Exercise requirements | From the data below, please reproduce exactly everything from the line that contains "TALES TO ASTONISH" down to the line that contains "Die Kamera steht", with both ends included.

Material supplied |
--
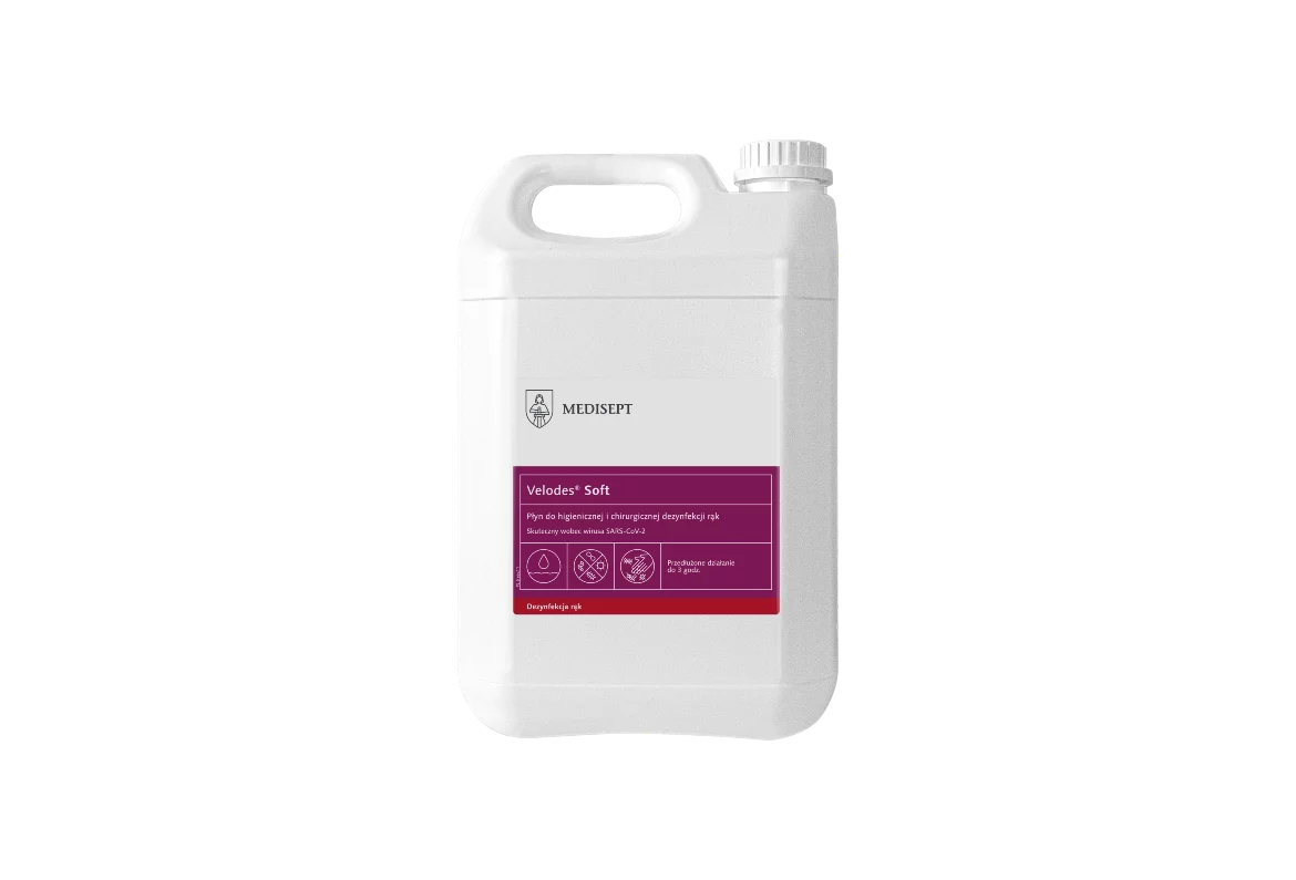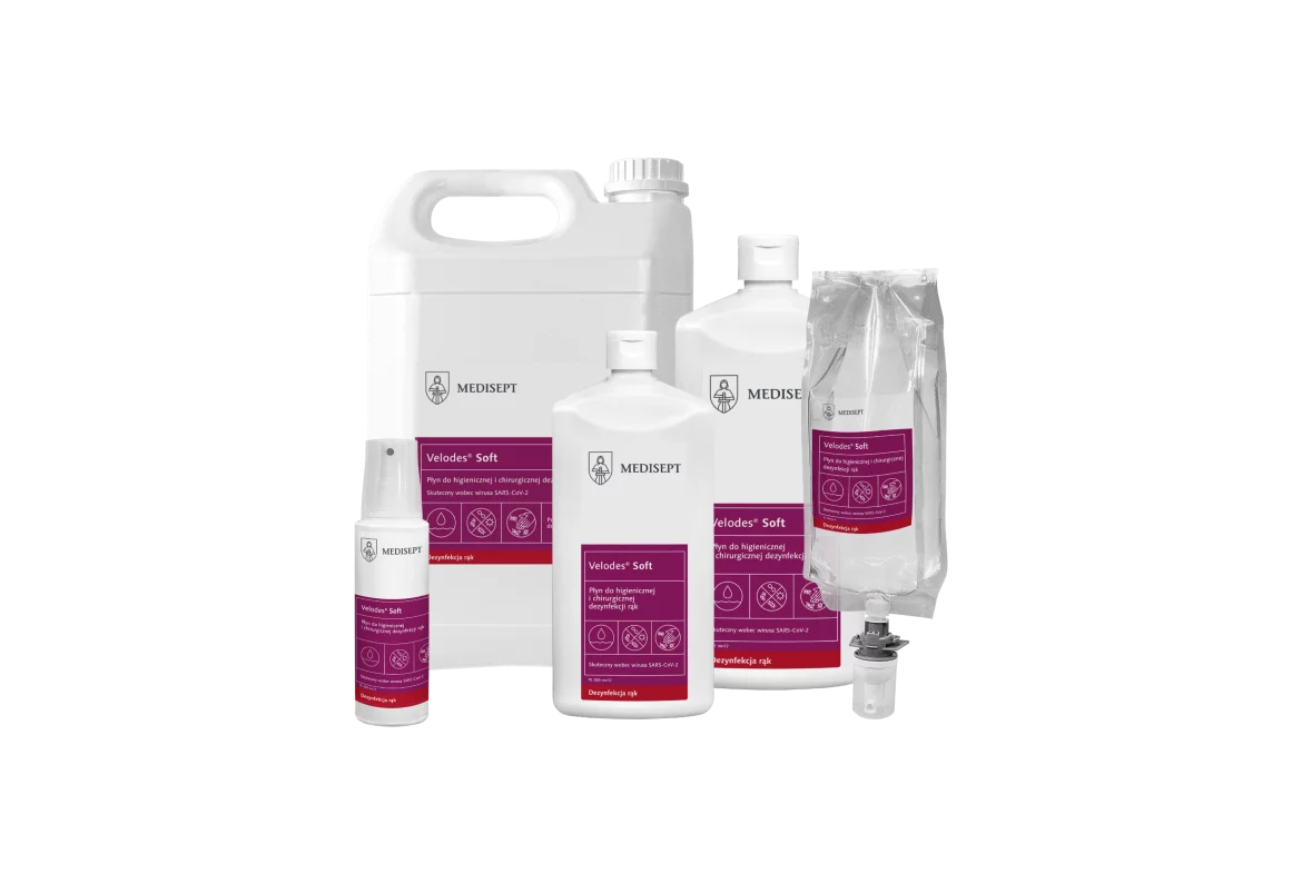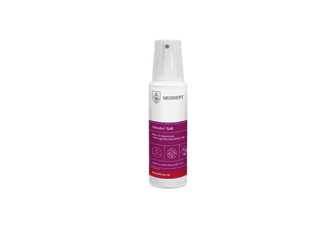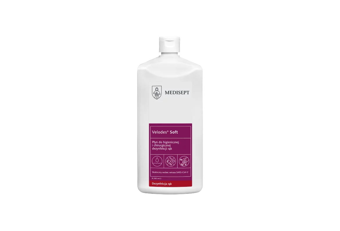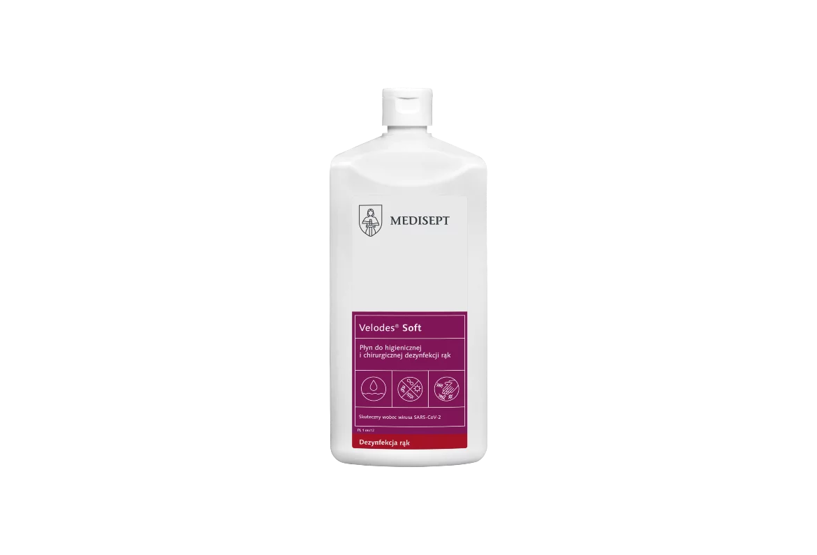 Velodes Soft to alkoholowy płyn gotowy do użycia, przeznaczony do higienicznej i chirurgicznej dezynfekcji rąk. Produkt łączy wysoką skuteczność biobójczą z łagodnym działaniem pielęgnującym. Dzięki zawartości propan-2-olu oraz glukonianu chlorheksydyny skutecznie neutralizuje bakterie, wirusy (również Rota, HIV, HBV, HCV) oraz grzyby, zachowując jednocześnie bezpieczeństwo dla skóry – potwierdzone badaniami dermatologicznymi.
--
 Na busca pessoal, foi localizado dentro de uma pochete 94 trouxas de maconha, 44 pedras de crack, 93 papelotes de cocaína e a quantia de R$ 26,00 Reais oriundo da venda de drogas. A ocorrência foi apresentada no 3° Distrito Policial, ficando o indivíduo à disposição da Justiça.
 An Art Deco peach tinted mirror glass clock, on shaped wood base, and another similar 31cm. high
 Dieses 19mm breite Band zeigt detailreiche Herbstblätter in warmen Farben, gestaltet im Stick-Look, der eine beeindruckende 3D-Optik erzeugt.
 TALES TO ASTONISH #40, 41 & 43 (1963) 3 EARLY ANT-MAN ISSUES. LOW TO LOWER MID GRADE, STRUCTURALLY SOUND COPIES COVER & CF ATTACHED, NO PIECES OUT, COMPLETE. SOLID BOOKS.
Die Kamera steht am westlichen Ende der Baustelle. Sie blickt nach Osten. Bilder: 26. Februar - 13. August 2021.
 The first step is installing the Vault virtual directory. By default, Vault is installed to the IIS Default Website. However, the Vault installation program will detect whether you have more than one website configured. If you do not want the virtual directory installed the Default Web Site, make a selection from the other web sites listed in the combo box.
--
Solution |
 TALES TO ASTONISH #40, 41 & 43 (1963) 3 EARLY ANT-MAN ISSUES. LOW TO LOWER MID GRADE, STRUCTURALLY SOUND COPIES COVER & CF ATTACHED, NO PIECES OUT, COMPLETE. SOLID BOOKS.
Die Kamera steht am westlichen Ende der Baustelle. Sie blickt nach Osten. Bilder: 26. Februar - 13. August 2021.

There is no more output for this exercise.